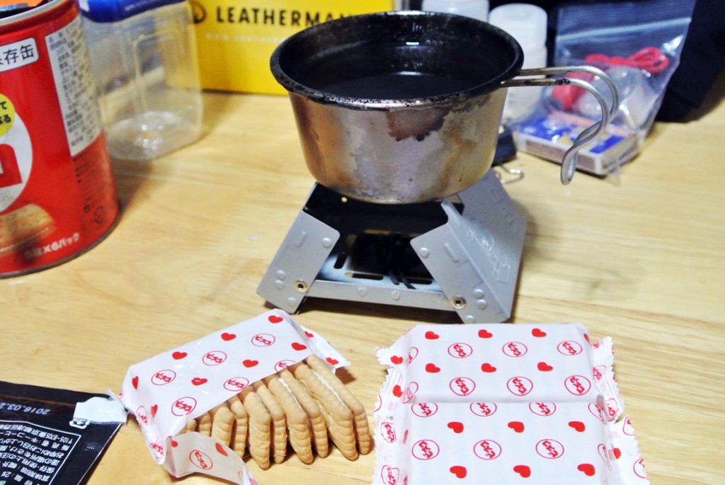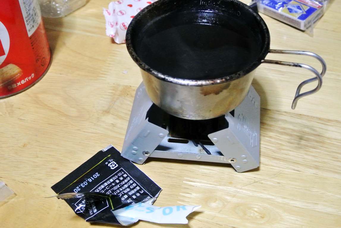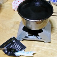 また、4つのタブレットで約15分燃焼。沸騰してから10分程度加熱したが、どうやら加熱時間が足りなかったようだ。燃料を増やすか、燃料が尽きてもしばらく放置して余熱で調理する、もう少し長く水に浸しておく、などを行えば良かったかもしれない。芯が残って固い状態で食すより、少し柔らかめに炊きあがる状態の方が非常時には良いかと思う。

---

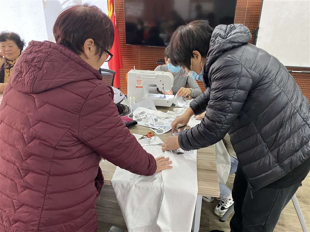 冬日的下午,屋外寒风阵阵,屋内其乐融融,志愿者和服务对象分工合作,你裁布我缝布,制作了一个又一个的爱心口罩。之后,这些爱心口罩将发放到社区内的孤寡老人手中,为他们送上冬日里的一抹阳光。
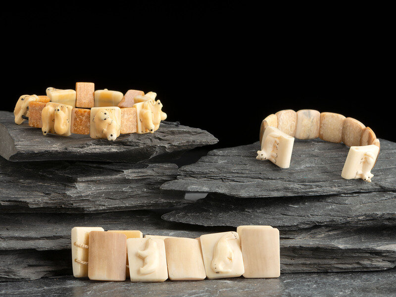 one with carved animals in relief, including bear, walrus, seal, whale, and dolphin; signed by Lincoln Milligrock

==

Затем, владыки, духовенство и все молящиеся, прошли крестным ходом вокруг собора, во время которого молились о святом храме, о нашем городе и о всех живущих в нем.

Work to complete.
Using the listing above, restate exactly the range between the lines holding "冬日的下午,屋外寒风阵阵,屋" and "one with carved", inclusive, with pictures left out.

Result.
 冬日的下午,屋外寒风阵阵,屋内其乐融融,志愿者和服务对象分工合作,你裁布我缝布,制作了一个又一个的爱心口罩。之后,这些爱心口罩将发放到社区内的孤寡老人手中,为他们送上冬日里的一抹阳光。
 one with carved animals in relief, including bear, walrus, seal, whale, and dolphin; signed by Lincoln Milligrock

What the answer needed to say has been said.